Please use this identifier to cite or link to this item: https://scholarbank.nus.edu.sg/handle/10635/173022
Title: STATE OF THE ARTS : A STUDY OF DISCOURSE ON THE ARTS IN SINGAPORE
Authors: CHARLES CHER HIANG MENG
Issue Date: 1998
Citation: CHARLES CHER HIANG MENG (1998). STATE OF THE ARTS : A STUDY OF DISCOURSE ON THE ARTS IN SINGAPORE. ScholarBank@NUS Repository.

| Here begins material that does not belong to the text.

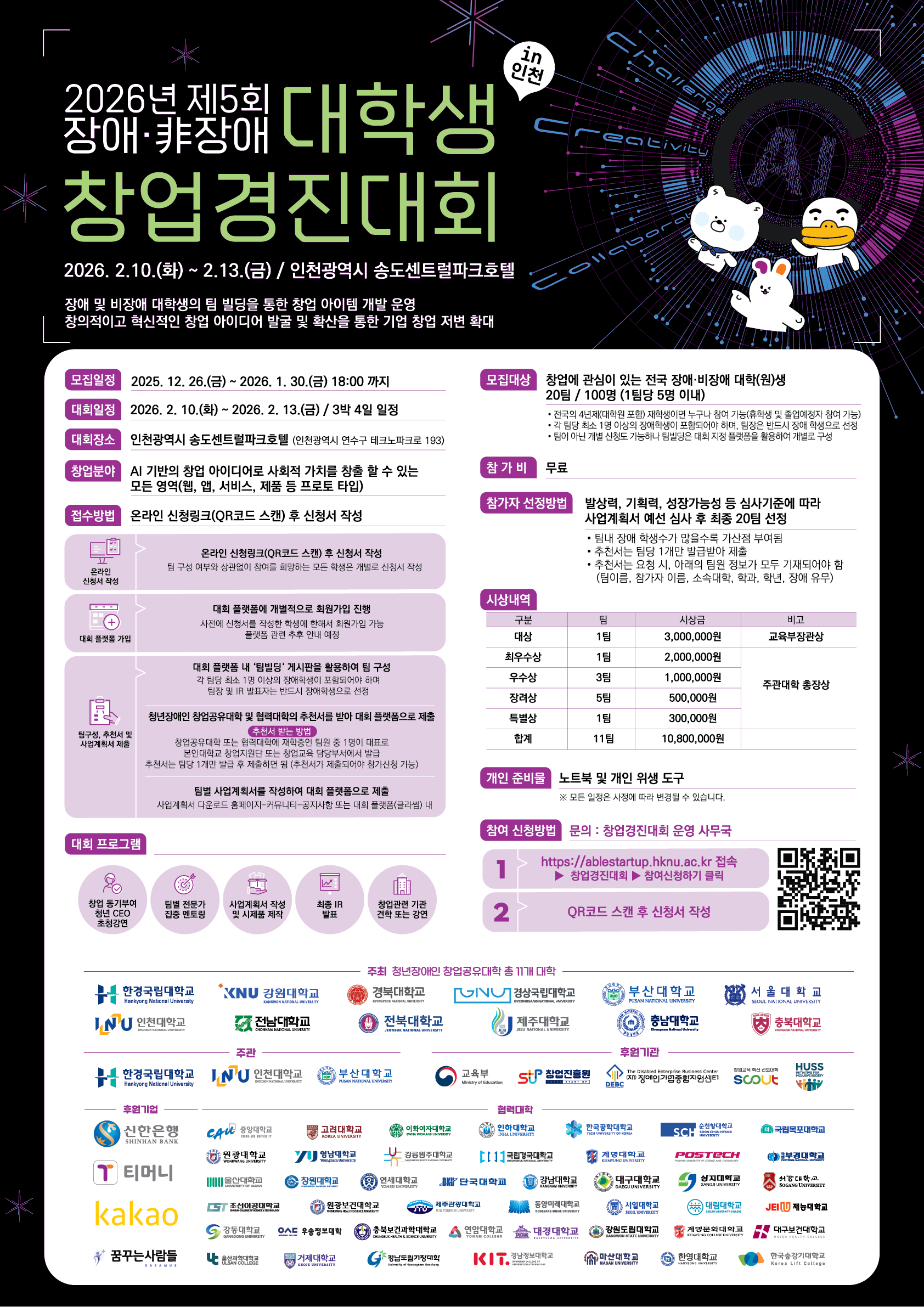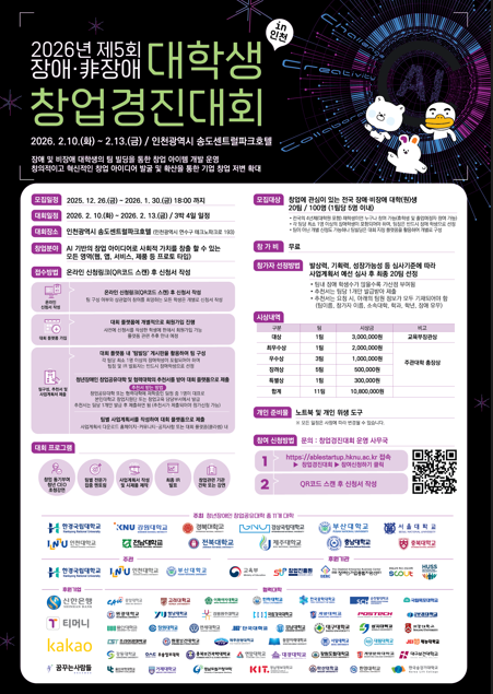 1. 행사명 : 2026년 제 5회 전국 장애·非장애 대학(원)생 창업경진대회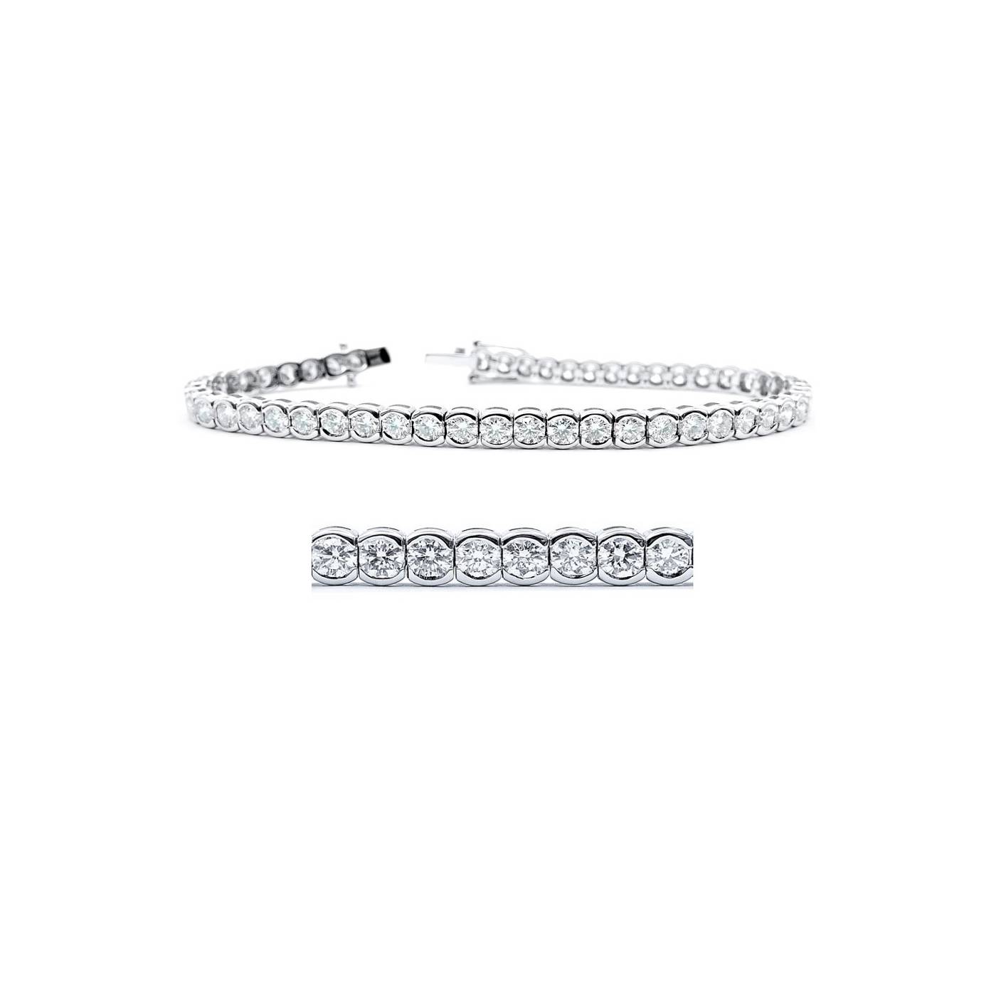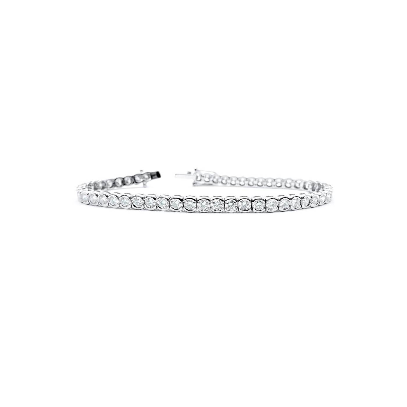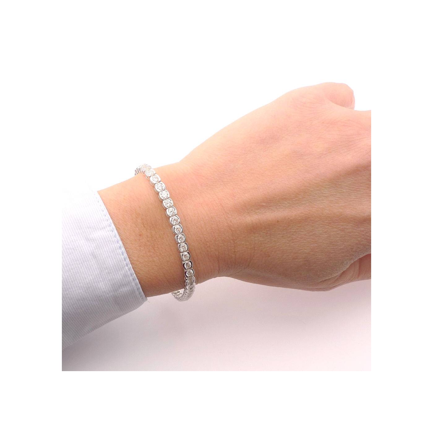 Pulsera "Concept" oro blanco y diamantes engastados en chatones ovalados. Esta elegante pulsera se compone de 51 brillantes de 3 mm aprox cuyo peso es de 5,60 quilates en total. Pulsera de estilo riviere elegante para lucir a diario o en ocasiones especiales. Aquí podrá ver pulsera con diamantes y Diseños exclusivos de Jorge Juan Joyeros, Madrid. REF: RB 6

Abstract: This thesis looks at the discourse on the arts within Singapore and how it has developed over the past decade. The arts is said to be something that subverts the given "reality" through aesthetic re-presentation, and as such is necessarily political. Meanwhile, the state, through hegemonic use of power, would always attempt to present a dominant "reality" which justifies and "naturalises" its authority. There is therefore a naturally tension-filled relationship between the arts and the state. In Singapore, the Government has in the past decade taken an increasing interest in the arts. It has tried to control the arts through several means. Firstly, the Government is directly or indirectly responsible for the funding of arts, as well as the housing of the various theatre groups. They are also the ''landlords" of virtually all the performance facilities such as auditoriums and rehearsal areas. This monopoly of facilities and funds, added to public entertainment licensing laws, gives the state the means to censor or censure any work of art, and as such, have direct power over the domain of the arts. Secondly, the Government has in public discourse attempted to subvert the arts. It defines the areas of political and social acceptability, and in doing so circumscribes the space for artistic expression. In doing so it prescribes what the arts should and should not be, and tries to change the meaning of the arts through discursive formation. In recent years, the Government has been trying to promote and sell "neutral arts”, either those that contribute to the formation of national identity (as desired by the state), or those which merely entertain and contribute to tourism.However, there are social, political and economic developments which have pressured the Government to allow the arts to have a more natural development. This means the arts may well continue to grow in ways which benefit the state as well as those which undermine it.